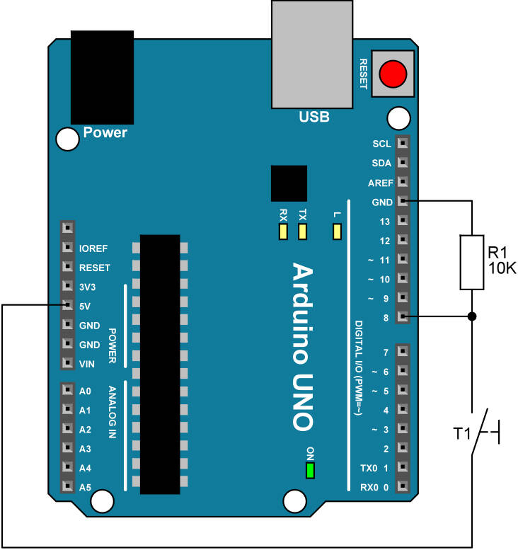 int tasterPin = 8; // Taster-Pin void setup() { Serial.begin(9600); // Serielle Schnittstelle } void loop() { Serial.println(digitalRead(tasterPin)); }
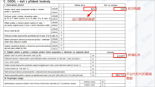 捷克VAT申报材料:销售报表(可从销售平台后台下载)、清关单据,若是零申报,则需零申报函。一旦卖家将VAT号上传至电商平台,并由平台代为扣缴增值税,卖家仍需按时向当地税务局进行增值税申报并缴纳相关税款。
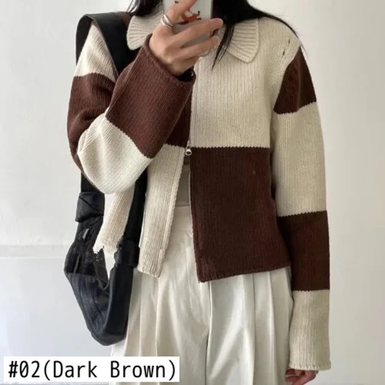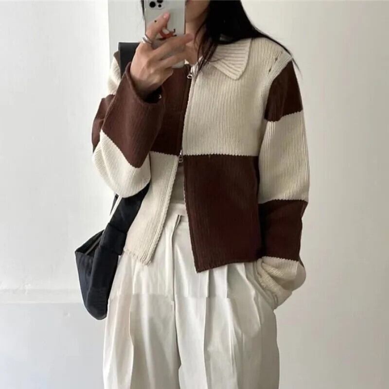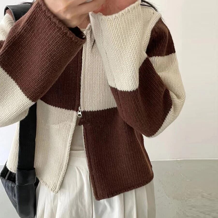 Nomikuma ターンダウン襟チェック柄ヒットカラー長袖ニットコート秋ダブルジッパーセーターコート ロング オータム 秋物
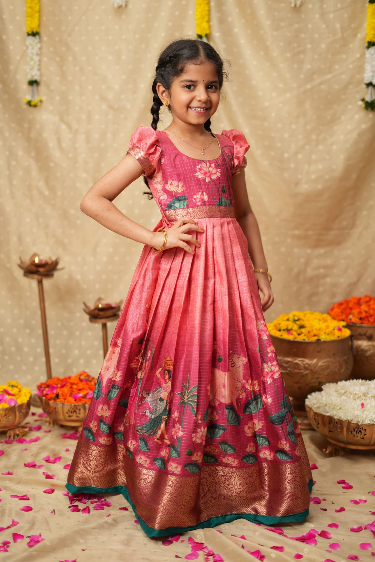 The Nikazhya Pink Frock Mini is a charming blend of tradition and festivity, designed especially for little girls. Crafted in Pichwai print dola silk, the gown radiates elegance with its vibrant floral prints and zari-woven hemline. The puff sleeves and round neckline add a playful yet refined touch, while the flared pleats give it a flowy silhouette perfect for twirling at weddings, temple visits, and festive celebrations."
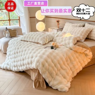 A类皮草绒兔兔毛绒床上四件套牛奶绒床单笠加厚法兰珊瑚绒被套4
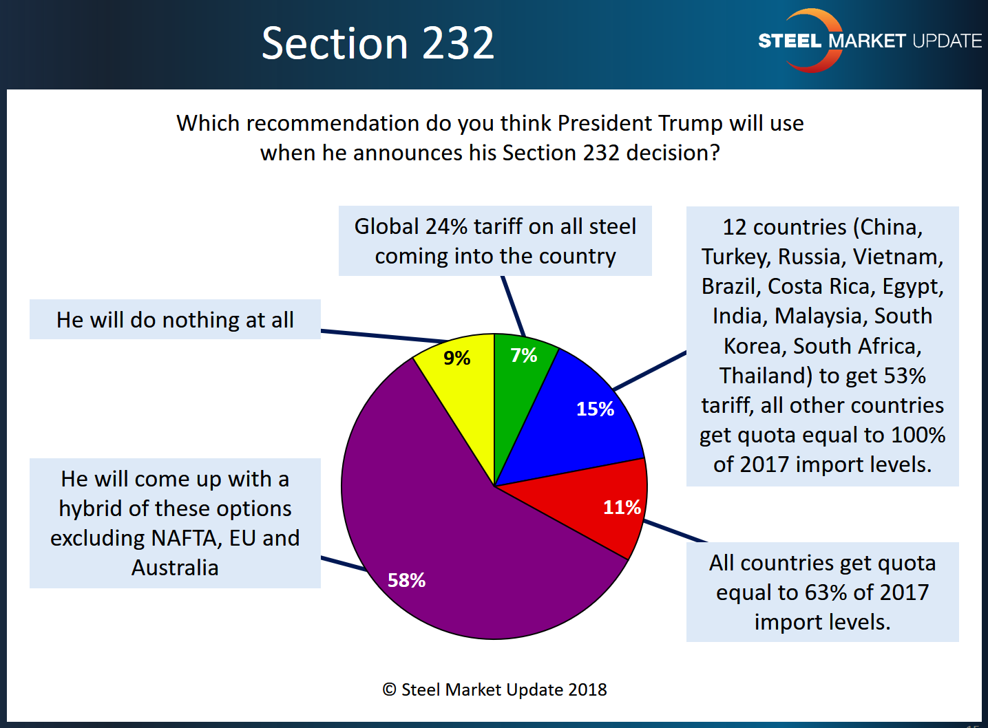 President Trump has made no official announcement about his plans for Section 232, leaving the steel market to speculate on last week’s Commerce Department recommendations. The majority of respondents to this week’s Steel Market Update market trends questionnaire are guessing he will come up with his own solution to combat unfair imports.
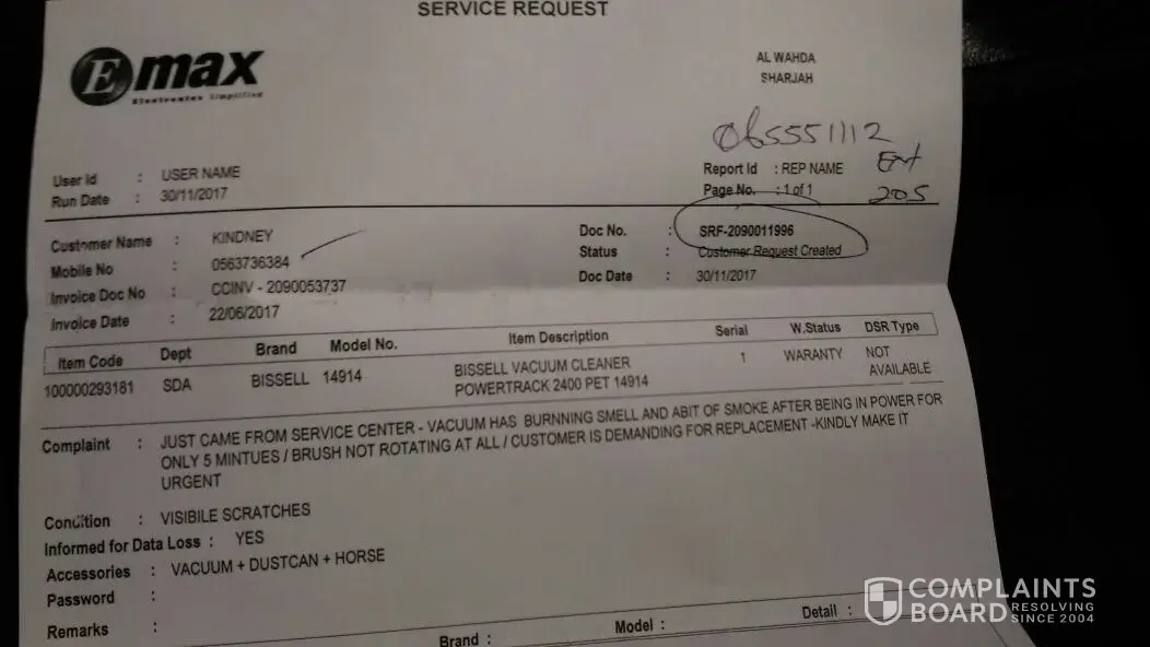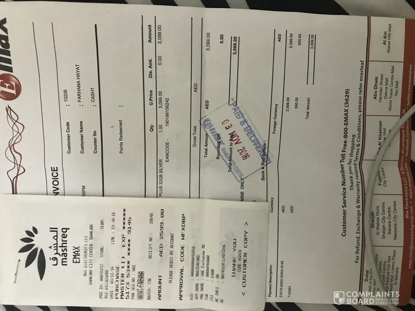 From the Emax, Dubai Mall outlet, they told me the service process should take minimum 15 working days and also they said they would inform us what is the issue of the device within 3 days. So far I have not received any information from them. Due to this I personally called Emax, Dubai Mall outlet today and they said they did not receive any update from the service desk. When I asked them I want to register a complaint they provided me this 8003629 number but this is customer service desk number and from customer service, they said they cannot register any complaint or they will not accept any complaint, this is only customer service. If I want to register a complaint, I shall call the Dubai Mall Emax outlet only.

___

Your objective: Reproduce nothing but the lines running from the line with "Nomikuma ターンダウン襟チェック柄ヒットカラー長袖ニットコート秋ダブルジッパーセーターコート ロング" through the end of the records, keeping both end lines and dropping the pictures.

Answer:
 Nomikuma ターンダウン襟チェック柄ヒットカラー長袖ニットコート秋ダブルジッパーセーターコート ロング オータム 秋物
 The Nikazhya Pink Frock Mini is a charming blend of tradition and festivity, designed especially for little girls. Crafted in Pichwai print dola silk, the gown radiates elegance with its vibrant floral prints and zari-woven hemline. The puff sleeves and round neckline add a playful yet refined touch, while the flared pleats give it a flowy silhouette perfect for twirling at weddings, temple visits, and festive celebrations."
 A类皮草绒兔兔毛绒床上四件套牛奶绒床单笠加厚法兰珊瑚绒被套4
 President Trump has made no official announcement about his plans for Section 232, leaving the steel market to speculate on last week’s Commerce Department recommendations. The majority of respondents to this week’s Steel Market Update market trends questionnaire are guessing he will come up with his own solution to combat unfair imports.
 From the Emax, Dubai Mall outlet, they told me the service process should take minimum 15 working days and also they said they would inform us what is the issue of the device within 3 days. So far I have not received any information from them. Due to this I personally called Emax, Dubai Mall outlet today and they said they did not receive any update from the service desk. When I asked them I want to register a complaint they provided me this 8003629 number but this is customer service desk number and from customer service, they said they cannot register any complaint or they will not accept any complaint, this is only customer service. If I want to register a complaint, I shall call the Dubai Mall Emax outlet only.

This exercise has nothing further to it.